A Multi-Perspective Analysis of Memorization in Large Language Models
Bowen Chen, Namgi Han, Yusuke Miyao
TL;DR
The paper investigates memorization in large language models (LLMs) from multiple angles to uncover how, when, and why memorized content emerges. It introduces a formal memorization criterion $M(X,Y)$ and a prediction framework using token- and sentence-level metrics, across a range of Pythia models from 70M to 12B parameters. Key findings include non-linear memorization scaling with model size and context, boundary effects in input and decoding dynamics, embedding-space clustering indicating paraphrase memorization, and the feasibility of predicting memorization with a Transformer. These results advance understanding of memorization mechanics and have implications for privacy, data contamination, and safer LLM deployment through improved anticipation of memorized content.
Abstract
Large Language Models (LLMs), trained on massive corpora with billions of parameters, show unprecedented performance in various fields. Though surprised by their excellent performances, researchers also noticed some special behaviors of those LLMs. One of those behaviors is memorization, in which LLMs can generate the same content used to train them. Though previous research has discussed memorization, the memorization of LLMs still lacks explanation, especially the cause of memorization and the dynamics of generating them. In this research, we comprehensively discussed memorization from various perspectives and extended the discussion scope to not only just the memorized content but also less and unmemorized content.
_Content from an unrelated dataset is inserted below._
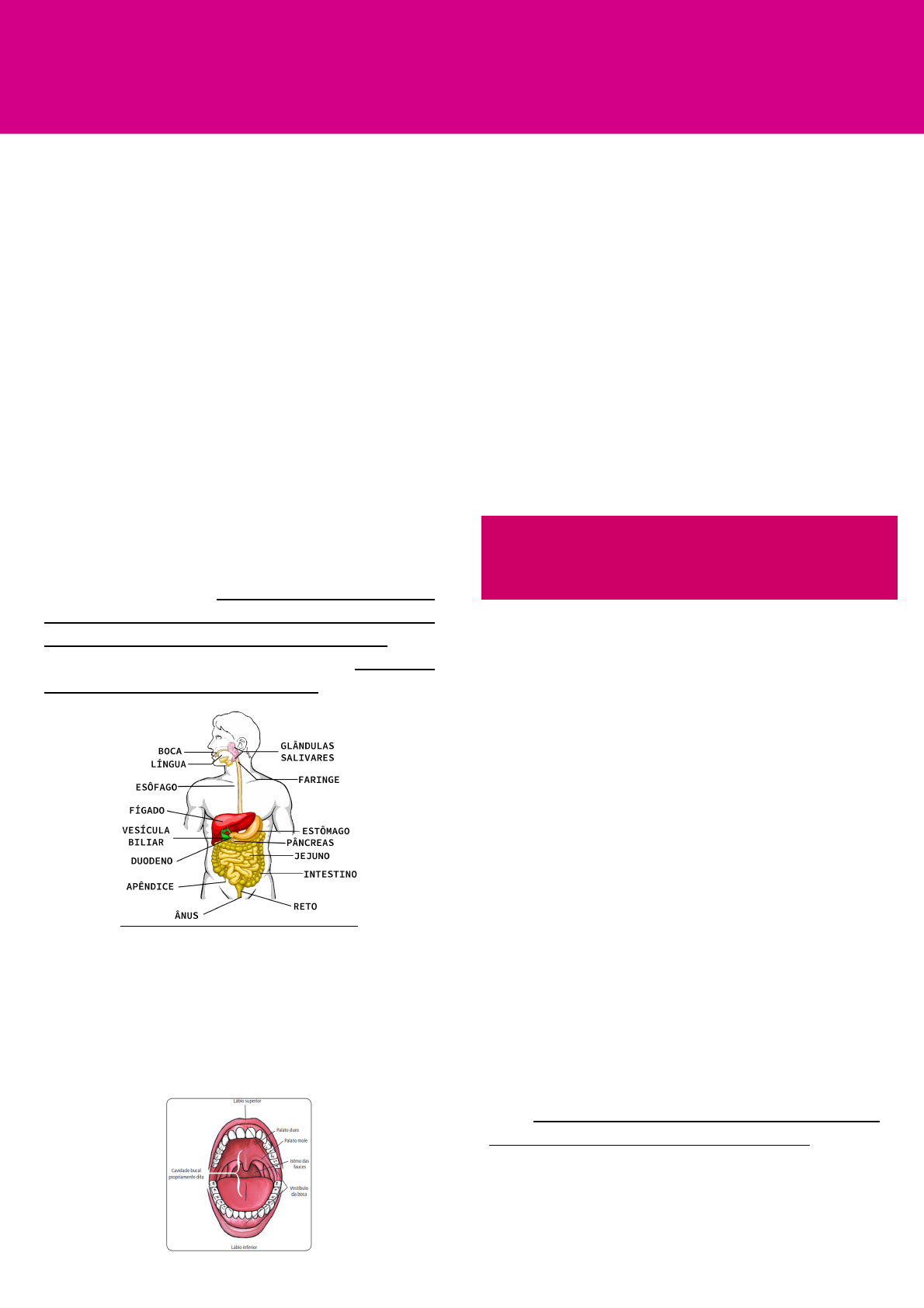 Estudo dirigido SISTEMA DIGESTÓRIO As funções do sistema digestório são de preensão, mastigação, transformação química, absorção dos alimentos e a expulsão dos resíduos (eliminado sob a forma de fezes). É reduzido a sua forma mais simples para ser absorvido A moti l idade do sistema digestório é denominada peristalse (movimento de ondas de contração por várias distâncias, pelo qual o canal alimentar e os demais tubos do sistema digestório propulsionam o seu conteúdo) DIVISÃO DO SISTEMA DIGESTÓRIO A grande divisão do sistema digestório compreende o canal alimentar (órgãos situados na cabeça, pescoço, no tórax, no abdome e na pelve) cavidade da boca, fauces, faringe, estômago, intestinos (delgado e grosso), e o reto, que se abre no ânus e os órgãos anexos que compreende as glândulas salivares, o fígado, e o pâncreas. CAVIDADE ORAL A cavidade oral compreende a cavidade oral, os dentes, a gengiva, a língua, o palato e a região das tonsilas palatinas. A cavidade oral é o local é onde o alimento é ingerido e preparado para digestão no estômago e no intestino delgado. Os dentes têm a função de triturar o alimento, que junto com a saliva proveniente das glândulas salivares, formará um bolo alimentar macio. A deglutição é iniciada voluntariamente na cavidade oral, onde o bolo alimentar é empurrado para a faringe através da atividade sincronizada da língua e do palato mole, onde ocorre a fase involuntária (automática da deglutição) A cavidade oral pode ser dividida em duas partes: o vestíbulo da boca e a cavidade da própria boca O vestíbulo da boca é o espaço semelhante a uma fenda entre os dentes e a gengiva e os lábios e as bochechas. Ele se comunica com o exterior através da rima (abertura) da boca. LIMITES DA CAVIDADE ORAL Anterior: Fissura oral Posterior: Fauce Superior: Arcada dentária do maxilar e palato Inferior: Arcada dentária da mandíbula, língua Lateral: bochechas LÁBIOS Os lábios são pregas musculofibrosas móveis que circundam a boca, estendendo-se dos sulcos nasolabiais e narinas lateral e superiormente até o sulco mentolabial. Usados para apreender o alimento, sugar líquidos, manter o alimento fora do vestíbulo da boca, produzir a fala e a osculação (beijo) Anatomia CAVIDADE ORAL Talia Cristine Músculo: m. orbicular da boca Artérias: labial superior e inferior (ramo das artérias faciais, que anastomosam entre si nos lábios para formar um anel arterial) O lábio superior é irrigado por ramos labiais superiores das artérias facial e infraorbital. O lábio inferior é vascularizado por ramos labiais inferiores das artérias facial e mentual. Nervos: O lábio superior é suprido pelos ramos labia is super iores dos nervos infraorbitais (do NC V2) e o lábio inferior é suprido pelos ramos labiais inferiores dos nervos mentuais (do NC V3) Linfonodos: A linfa do lábio superior e das partes laterais do lábio inferior segue para os linfonodos submandibulares, e a parte medial do lábio inferior segue para os linfonodos submentuais. Frênulos dos lábios São pregas de margem livre da túnica mucosa na linha mediana, que se estendem da gengiva vestibular até a túnica mucosa dos lábios superior e inferior (o que se estende até o lábio superior é maior) BOCHECAS Paredes móveis da cavidade oral. A face externa das bochechas constitui a região bucal, limitada anteriormente: região oral e mentual, superiormente: região zigomática, posteriormente: região parotideomassetérica, inferiormente: margem inferior da mandíbula. Proeminência da bochecha: junção das regiões zigomática e bucal. Contorno da parte superolateral da face: osso zigomático subjacente á proeminência e o arco zigomático. Músculo: mm. bucinadores Artérias: ramos bucais da artéria maxilar Nervo: ramos bucais do nervo mandibular GENGIVA São formadas por tecido fibroso coberto por túnica mucosa, está firmemente presa aos processos alveolares da mandíbula e da maxila e aos colos dos dentes. Gengiva adjacentes a língua: gengiva lingual superior e inferior Gengiva adjacente aos lábios e bochechas: gengivas maxilar e mandibular (labial ou bucal) DENTES Sua principal função é cortar, reduzir e misturar o alimento a saliva, ajuda a própria sustentação nos alvéolos dentais, auxilia o desenvolvimento e proteção dos tecidos que o sustentam, participa da articulação. Os dentes estão inseridos nos alvéolos dentais (processos alveolares da maxila e parte alveolar da mandíbula), ele identificado como decíduo (primário) ou permanente (secundário), os dentes em desenvolvimento situam-se nos arcos alveolares como brotos dentais Características dos dentes: incisivos (margens cortantes finas), caninos (cones p r o e m i n e n t e s ú n i c o s ) p r é - m o l a r e s (bicúspides) e molares (três ou mais cúspides) As raízes dos dentes são unidas ao osso do alvéolo pela articulação fibrosa sindesmose dentoalveolar ou gonfose Artérias: artérias alveolares superior e inferior, ramos da artéria maxilar (suprem os dentes maxilares e mandibulares) Veias: Veias alveolares (acompanham as artérias) Linfonodos: linfonodos submandibulares Nervos: nervo alveolar superior (NC V2) e inferior (NC V3) dão origem aos plexos dentais que sup rem os den tes max i l a res e mandibulares PALATO Forma o teto curvo da boca e o assoalho das cavidades nasais. Separa a cavidade oral da cavidade nasal. A face superior (nasal) é coberto por túnica mucosa respiratório e a face inferior (oral) é coberta por túnica mucosa oral, densamente povoada por glândulas. Tem duas regiões: palato duro e palato mole PALATO DURO É um espaço côncavo (espaço ocupado principalmente pela língua quando está em repouso). Dois terços anteriores Ossos que formam o palato duro Processo palatino da maxila e lâminas horizontais do osso palatino A fossa incisiva é uma depressão na linha mediana do palato ósseo posterior aos dentes incisivos

Through various studies, we found that: (1) Through experiments, we revealed the relation of memorization between model size, continuation size, and context size. Further, we showed how unmemorized sentences transition to memorized sentences. (2) Through embedding analysis, we showed the distribution and decoding dynamics across model size in embedding space for sentences with different memorization scores. The n-gram statistics analysis presents d (3) An analysis over n-gram and entropy decoding dynamics discovered a boundary effect when the model starts to generate memorized sentences or unmemorized sentences. (4)We trained a Transformer model to predict the memorization of different models, showing that it is possible to predict memorizations by context.